Los hombres y las mujeres somos como islas de un archipiélago, unidas por el mar que nos separa y el amor es un invento, como un barco que, a veces, permite que nos encontremos. El barco, sin embargo, aquella noche, parecía más bien el Arca de Noé y yo el único animal que embarcaba.
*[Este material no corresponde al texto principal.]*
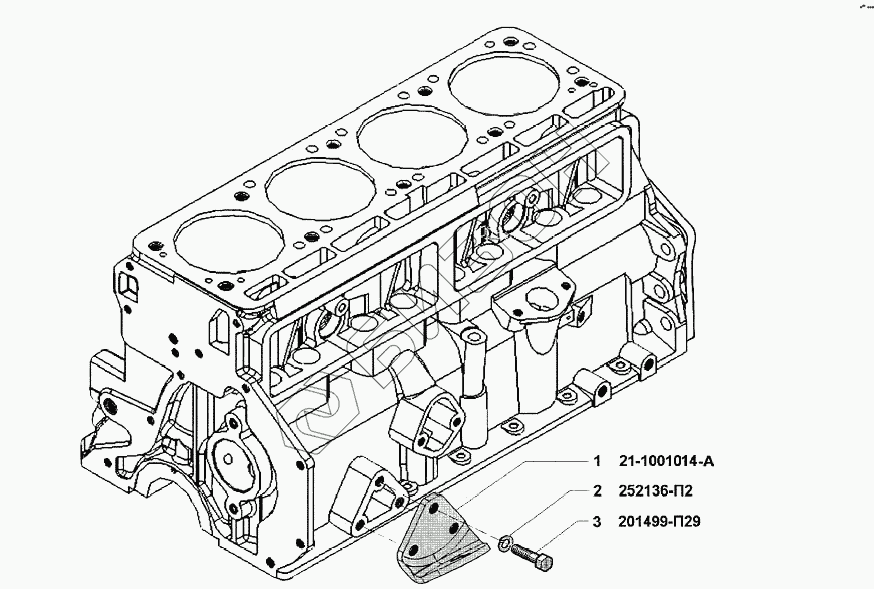 | 1 | 21-1001014-А | Кронштейн крепления подушки передней опоры двигателя к блоку |

En un transistor que escuchaba la taquillera de la estación marítima oí que las víctimas producidas por la rotura de la presa llegaban casi al centenar y que había muchos desaparecidos. Se había decretado el estado de alerta máxima y se aconsejaba a la población que no saliera de sus casas. La lluvia debía haber estropeado el sistema de iluminación del muelle ya que sólo algunas luces de emergencia aumentaban un poco su potencia al reflejarse en el blanco casco del buque. Éste flotaba en un negro plano, donde el mar no se distinguía de la noche. Tenía un pasaje turista, lo que quería decir que tendría que pasar la noche en una butaca. Di una vuelta a la sala, que estaba vacía, calculando donde podría estar más cómodo. En una de las puertas, un tripulante con las manos a la espalda, me observaba. Elegí un rincón con los butacones dispuestos unos frente a otros para poder estirar las piernas y dejé mis bultos al lado. En ese momento vi que el tripulante se me acercaba y pensé que me iba a amonestar por haber puesto los pies mojados en la butaca de enfrente, pero cuando estaba a pocos metros de mí, me sorprendió reconocerlo. Era un compañero de mi temporada en el Villa de Madrid a la que he aludido en otra entrada. Él se alegró de verme tanto como yo. Me dijo que en cuanto zarpáramos vendría a charlar conmigo y se alejó. Mientras observaba como un operario con chubasquero largaba las estachas de los norays y aumentaba el ruido del motor, me di cuenta de que mi estado de ánimo había cambiado. Ya no me importaba la lluvia, la noche ni el lugar desconocido al que viajaba.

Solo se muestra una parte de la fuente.